Adiós, Baili Chenfeng.

Recuerdo vagamente aquel día al mediodía, con el sol brillando intensamente, un hombre con túnica negra montando un caballo brioso, sus ojos brillantes centelleando como estrellas bajo un sombrero de bambú y un velo negro.

Mientras la hoja se abría paso, aunque mi cuerpo permanecía inmóvil, mi corazón ya se agitaba.

En aquel momento, no tenía ni idea de lo que la apariencia de aquel hombre significaba para mí.

Adiós, Baili Chenfeng.

Recuerdo vagamente aquella mañana, todo listo para partir frente a la puerta de la familia Gong. El sol primaveral era cálido, pero no pudo calentar sus palabras cariñosas: "Monta este caballo".

Acabamos de conocernos, ¿por qué me prestas tu querido caballo?

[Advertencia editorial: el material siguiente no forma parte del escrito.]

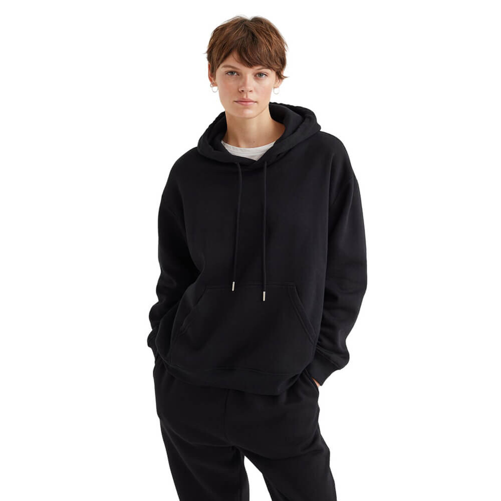 Толстовка широкого кроя с капюшоном на подкладке и кулиске, карманом-кенгуру и трикотажной резинкой на манжетах и по низу.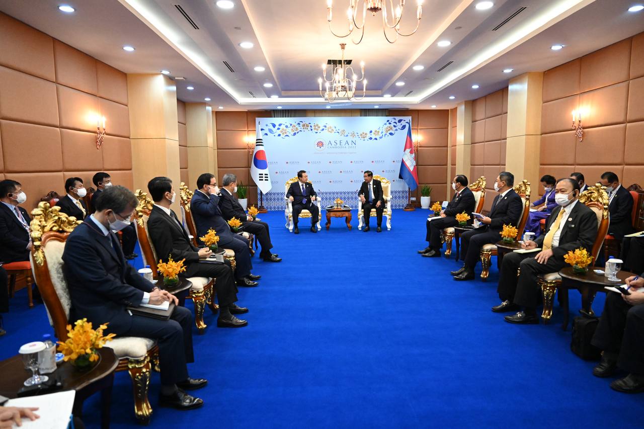 ឯកឧត្តម យូន ស៊ុកយុល ប្រធានាធិបតីនៃសាធារណរដ្ឋកូរ៉េ បញ្ជាក់ជូនសម្តេចតេជោ ថានឹងបន្តជំរុញអ្នកវិនិយោគកូរ៉េ មកកាន់កម្ពុជាកាន់តែច្រើនថែមទៀត ដើម្បីក្ដាប់យកឱកាស នៃកិច្ចព្រមព្រៀងពាណិជ្ជកម្មសេរីរវាងប្រទេសទាំងពីរ។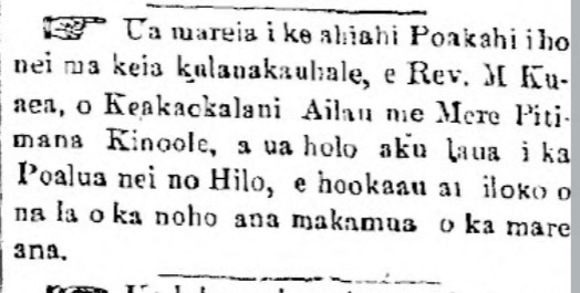 Married this past Monday evening in this town by Rev. M. Kuaea, was Keakaokalani Ailau and Mere Pitimana Kinoole. And the two sailed on Tuesday for Hilo, to spend pleasantly their first days of marriage.

¿Cuántas personas en el mundo me temen y me respetan, pero cuántas me compadecen y me aprecian?

Adiós, Baili Chenfeng.

Podía visualizar vagamente la batalla de Thunderbolt Hall, luchando contra el viento, sus capas ondeando al viento, sus miradas encontrándose mientras unían fuerzas para romper el cerco.

El aroma del cornejo púrpura perdura, cautivando a todos aquellos que te hechizan con su suave brisa. Sin que te des cuenta, tú también te dejas seducir por otros, y te resulta difícil encontrar la paz.

¿Esa comprensión y conocimiento que tienes de ti una bendición o una maldición?

Adiós, Baili Chenfeng.

Apenas pude distinguir el casco del Río Amarillo, con orquídeas en plena floración. Caí al suelo tambaleándome y me ayudaste a levantarme. El barco se hundió en el mar, entre olas gigantescas.

Y sin embargo no sentí miedo alguno, sino una confianza inexplicable en que me abrazarías fuerte y nunca me soltarías.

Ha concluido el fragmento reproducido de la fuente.